■ What you will do: From the listing below, copy only the lines running from the line that contains "We are so lucky" to the line that contains "Kit completo para", both included.

■ Working data:

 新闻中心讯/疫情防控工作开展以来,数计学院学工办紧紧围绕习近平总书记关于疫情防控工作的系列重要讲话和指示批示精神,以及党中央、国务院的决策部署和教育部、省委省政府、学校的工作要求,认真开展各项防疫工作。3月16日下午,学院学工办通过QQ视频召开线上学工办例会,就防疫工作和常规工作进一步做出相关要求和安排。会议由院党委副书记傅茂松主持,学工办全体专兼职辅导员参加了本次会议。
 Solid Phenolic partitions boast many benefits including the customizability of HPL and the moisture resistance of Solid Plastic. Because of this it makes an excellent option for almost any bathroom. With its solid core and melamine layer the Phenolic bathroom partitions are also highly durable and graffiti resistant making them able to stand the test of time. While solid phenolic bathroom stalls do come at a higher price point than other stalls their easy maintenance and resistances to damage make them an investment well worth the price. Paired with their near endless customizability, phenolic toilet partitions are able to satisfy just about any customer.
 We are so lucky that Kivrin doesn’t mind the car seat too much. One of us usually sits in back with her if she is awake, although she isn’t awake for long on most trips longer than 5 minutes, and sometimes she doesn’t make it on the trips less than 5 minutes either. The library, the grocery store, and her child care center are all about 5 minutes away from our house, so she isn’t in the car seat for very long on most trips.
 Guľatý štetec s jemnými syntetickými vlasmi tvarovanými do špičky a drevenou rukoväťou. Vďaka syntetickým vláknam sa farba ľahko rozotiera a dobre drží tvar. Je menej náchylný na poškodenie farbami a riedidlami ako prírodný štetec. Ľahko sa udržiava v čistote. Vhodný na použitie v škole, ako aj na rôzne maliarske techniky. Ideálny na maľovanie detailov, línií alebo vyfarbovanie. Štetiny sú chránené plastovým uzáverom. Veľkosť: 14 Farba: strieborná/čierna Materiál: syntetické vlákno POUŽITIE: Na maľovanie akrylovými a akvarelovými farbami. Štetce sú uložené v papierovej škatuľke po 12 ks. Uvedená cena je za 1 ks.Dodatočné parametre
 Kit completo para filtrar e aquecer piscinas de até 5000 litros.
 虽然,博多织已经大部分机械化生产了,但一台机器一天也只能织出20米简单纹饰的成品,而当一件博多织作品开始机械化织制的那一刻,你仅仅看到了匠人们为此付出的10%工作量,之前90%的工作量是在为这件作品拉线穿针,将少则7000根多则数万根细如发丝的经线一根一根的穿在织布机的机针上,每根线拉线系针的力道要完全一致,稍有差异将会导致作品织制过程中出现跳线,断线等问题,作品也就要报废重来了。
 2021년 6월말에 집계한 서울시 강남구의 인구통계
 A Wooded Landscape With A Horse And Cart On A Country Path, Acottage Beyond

■ Your response:
 We are so lucky that Kivrin doesn’t mind the car seat too much. One of us usually sits in back with her if she is awake, although she isn’t awake for long on most trips longer than 5 minutes, and sometimes she doesn’t make it on the trips less than 5 minutes either. The library, the grocery store, and her child care center are all about 5 minutes away from our house, so she isn’t in the car seat for very long on most trips.
 Guľatý štetec s jemnými syntetickými vlasmi tvarovanými do špičky a drevenou rukoväťou. Vďaka syntetickým vláknam sa farba ľahko rozotiera a dobre drží tvar. Je menej náchylný na poškodenie farbami a riedidlami ako prírodný štetec. Ľahko sa udržiava v čistote. Vhodný na použitie v škole, ako aj na rôzne maliarske techniky. Ideálny na maľovanie detailov, línií alebo vyfarbovanie. Štetiny sú chránené plastovým uzáverom. Veľkosť: 14 Farba: strieborná/čierna Materiál: syntetické vlákno POUŽITIE: Na maľovanie akrylovými a akvarelovými farbami. Štetce sú uložené v papierovej škatuľke po 12 ks. Uvedená cena je za 1 ks.Dodatočné parametre
 Kit completo para filtrar e aquecer piscinas de até 5000 litros.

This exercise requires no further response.